Y la insensata lloraba de ira.

-¡Mientes! -gritó fuera de sí el manso don Serapio, oyéndose tratar con tan negra injusticia-. Los azares de la suerte las menos veces, y las más el constante, espantoso saqueo que has estado haciendo en mi caja, han sido la causa del desastre... o pueden llegar a serlo, si mis temores, bien fundados, se realizan.

-¿Luego todavía no ha llegado ese caso? -exclamó anhelante y menos ensoberbecida ya doña Sabina-. Quizá podrá evitarse...

-Pues ¿qué estoy diciéndote, mujer diabólica?

-Y ¿crees tú -prosiguió ésta sin darse por entendida del piropo-, que con alguna economía en casa?...

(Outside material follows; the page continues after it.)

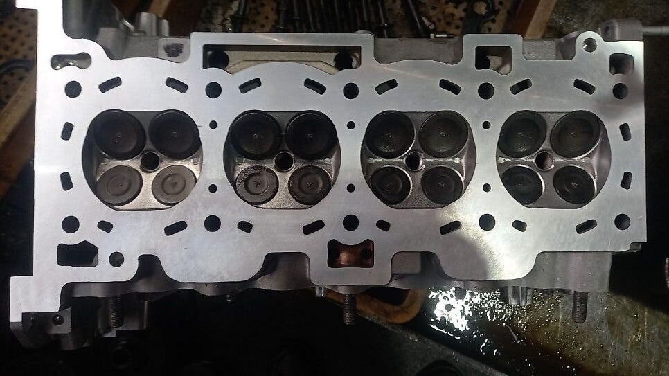 Фрезеровка плоскости при короблении, обслуживание направляющих и сёдел, притирка/замена клапанов по состоянию, замена маслосъёмных колпачков. Промываем маслоканалы, оцениваем элементы CVVT/OCV (по показаниям), чтобы стабилизировать фазы после капиталки. При капремонте G4KE всегда меняем цепь ГРМ — независимо от визуального состояния. Это страховка от повторного визита через 20 000 км.

-No creo que sólo eso pueda bastar; pero en el trance en que me veo, quiero, aunque me haya acordado tarde, echar mano de todos los recursos que estén a mi alcance.

-Y el de las economías...

-El de las economías es el primero que exijo, hasta por razones de delicadeza.

-No comprendo esas razones.

-Ni lo necesitas. Lo indispensable son economías, y éstas, yo te lo aseguro, las habrá desde hoy.

-¿Y Enriqueta?

-Enriqueta no necesita saber nada por ahora.

-¿Y si desea vestirse... o un capricho?

-¡Vestirse!... ¡cuando tiene su ropero abarrotado! ¡Caprichos! Enriqueta no los tendrá si su madre no se los propone.

-¡Serapio!

-Me tienen ya sin cuidado tus furores. ¡Ojalá me hubiera pagado siempre de ellos lo que me pago en este instante!

-¡Estos son los hombres honrados! -exclamó aquí doña Sabina, llorando, no sé si de despecho o de dolor-. Crueles, sin corazón, cuando nos ven agobiadas por la desgracia.

-Estos martirios, Sabina, no los damos los hombres. Suelen venir de más alto. ¡Harto será que en esta ruda prueba no estemos pagando todos el mayor de tus pecados y la más indigna de todas mis debilidades!

-¿Qué pecado tan horrendo puedo haber cometido yo que merezca el infamante castigo de ser pobre? -rugió doña Sabina en un arrebato de desesperación.

-Muchos -le replicó don Serapio indignado-: por de pronto, el de la soberbia que te dicta esas palabras insensatas, y después, el de arrojar de tu casa inicuamente a mi pobre sobrino, porque no era rico y estorbaba a tus planes.

-¿Por qué lo consentiste?

-Ese es precisamente el pecado de mi debilidad, pecado que, con el tuyo, ha traído el desastre sobre mi casa. Esta es la verdad. Cuida ahora de no perderla de vista si hemos de evitar mayores desventuras.

Dicho esto, salió don Serapio y cayó su señora en un estupor casi de idiota, del cual no volvió sino para meterse en la cama y pasarse en ella dos días, alimentándose el alma con haraposas visiones, y el cuerpo con tisanas.